**Task description**
The task requires repeating, word for word, the lines from the one with "LANDSCAPE DEPICTING THE" through the end of the material, leaving out all pictures.

Given information Block Start

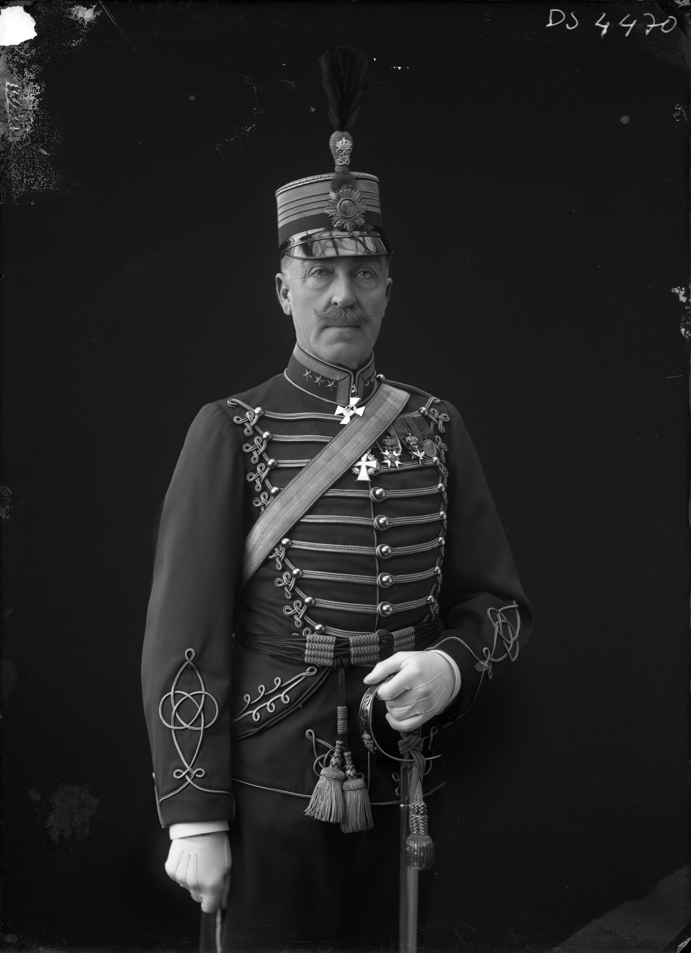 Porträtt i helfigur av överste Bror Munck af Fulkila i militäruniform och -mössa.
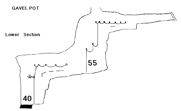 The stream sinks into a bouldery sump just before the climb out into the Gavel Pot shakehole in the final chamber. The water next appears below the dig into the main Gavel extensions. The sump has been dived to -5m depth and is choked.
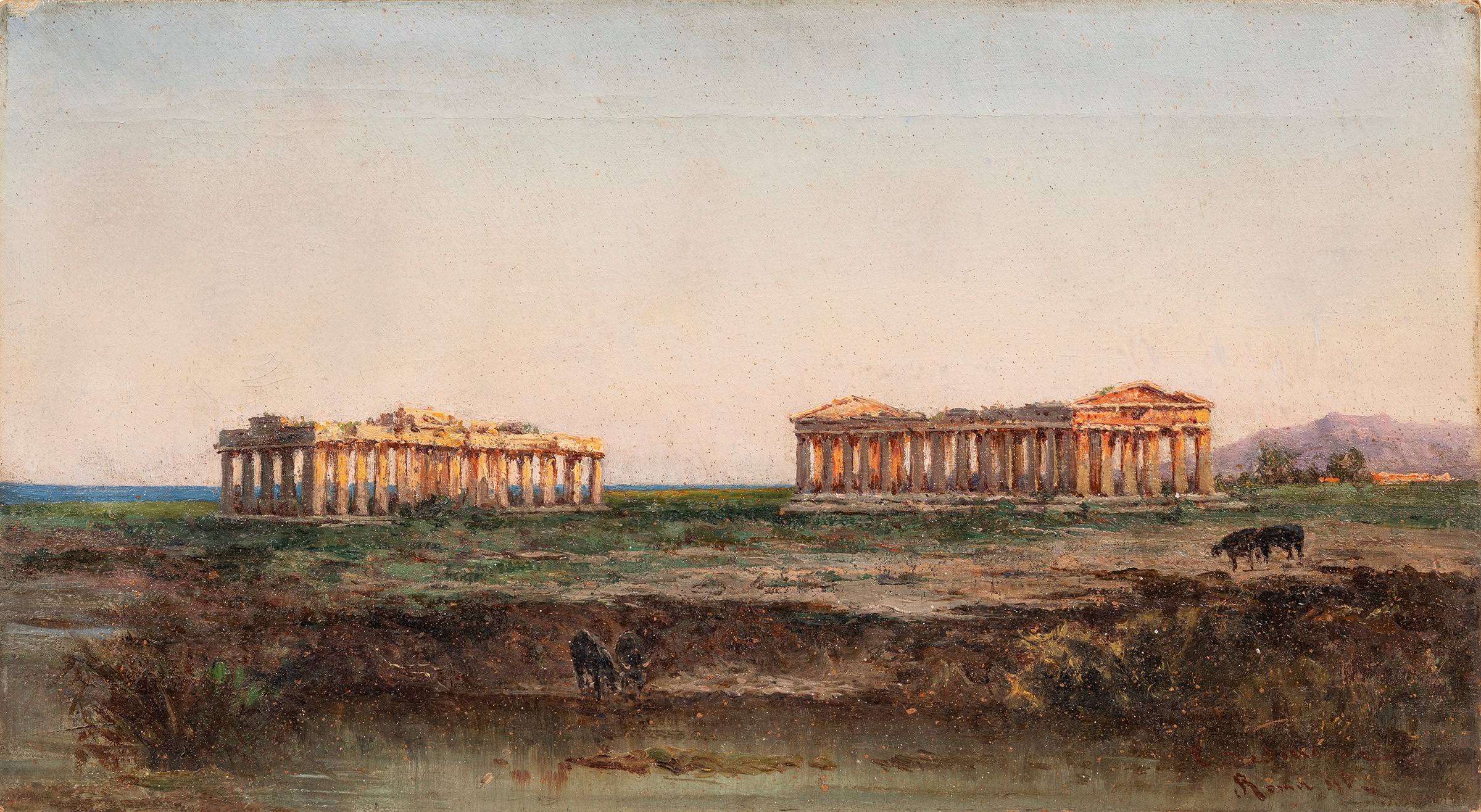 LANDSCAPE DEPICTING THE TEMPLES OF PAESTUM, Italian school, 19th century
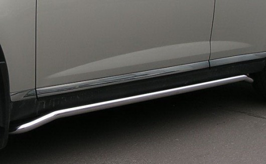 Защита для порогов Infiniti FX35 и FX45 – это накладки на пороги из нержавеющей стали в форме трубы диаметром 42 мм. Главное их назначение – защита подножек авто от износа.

Given information Block End

**Reply**
 LANDSCAPE DEPICTING THE TEMPLES OF PAESTUM, Italian school, 19th century
 Защита для порогов Infiniti FX35 и FX45 – это накладки на пороги из нержавеющей стали в форме трубы диаметром 42 мм. Главное их назначение – защита подножек авто от износа.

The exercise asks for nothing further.